Для начала начните 25-миллилитровую культуру штамма 2'FL. После того, как штамм индуцируется в середине этапа журнала, инкубировать культуру на 37 градусов по Цельсию в течение 24 часов. Добавить два тома 100% этанола в культуру и хорошо встряхнуть.

Инкубировать при 37 градусах по Цельсию в течение четырех часов. Затем центрифугировать подвеску при 900 раз г в течение 15 минут. Соберите супернатант и инкубировать на ночь при четырех градусах по Цельсию, чтобы вызвать лактозу.

Перейдите раствор через фильтровальную бумагу, чтобы удалить осажденной лактозы. Соберите фильтрат, содержащий лизат клетки, и определите 2'FL titre, как описано ранее. В этом исследовании используется стратегия высокой пропускной способности для увязки конкретного обнаружения фукозилированного человеческого молока олигосахаридов.

Это достигается путем создания целых клеточных биосенсоров с помощью генно-инженерной E.Coli, которая при индукции с конкретными гликанами реагирует флуоресцентным сигналом. Флуоресцентный сигнал в различных условиях индукции, проанализированный на цитометре потока, показывает более чем в 100 раз увеличение флуоресценции с био-сенсором 2'FL по сравнению с вектором только контроль или био-сенсор для 3'FL. Это свидетельствует о высокой специфичности связи био-датчика.

Чувствительность анализа может быть определена путем генерации кривой реакции дозы с различными уровнями углеводов. Динамический линейный диапазон обнаружения 2'FL, как видно, между 40 и 400 миллиграммов на литр и предел обнаружения составляет четыре миллиграмма на литр. Этот анализ может быть проведен в течение рабочего дня, как видно из оснастки выстрел измерений динамики выражения репортера.

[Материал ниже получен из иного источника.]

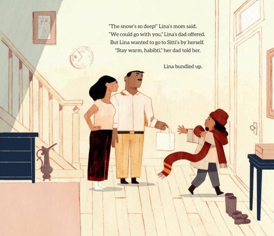 A snowy day, a trip to Grandma's, time spent cooking with one another, and space to pause and discover the world around you come together in this perfect book for reading and sharing on a cozy winter day.One winter morning, Lina wakes up to silence. It's the sound of snow -- the kind that looks soft and glows bright in the winter sun. But as she walks to her grandmother's house to help make the family recipe for warak enab, she continues to listen.

Био-зондирования клетки могут быть использованы для обнаружения и количественной оценки 2'FL от инженерии 2'FL производитель штамма с использованием ряда стратегий для уменьшения сигнала от экзогенной лактозы, так что сигнал зачитал будет непосредственно соответствовать концентрации 2'FL. Одна из стратегий заключается в том, чтобы энзиматично деградировать лактозу с помощью бета-галактозидазы, которая не действует на модифицированную лактозу. Другая стратегия использовала этанол, который не только выборочно осаждает лактозу, но и лизает клетки-производители, так как лиз клеток является необходимым шагом вниз по течению.

Наконец, наиболее эффективным, но трудоемким методом является гранулирование и мыть клетки до клеточного лиза, чтобы освободить внутриклеточный 2'FL. Как только мы установим этот метод, мы смогли расширить репертуар олигосахарида целей с использованием различных ферментов. В настоящее время мы можем обнаружить девять различных олигосахаридов, и мы работаем над более.

При оптимизации этого анализа, мы заметили, надежность наших ферментов позволило нам придумать метод, который дает связь конкретных зачитал примерно за пять минут. Хотя ни один из реагентов, используемых здесь, не является особенно опасным, те, кто использует этот метод, должны следовать стандартным процедурам биоопасности и биоконтента, включая ношение надлежащего СИЗ.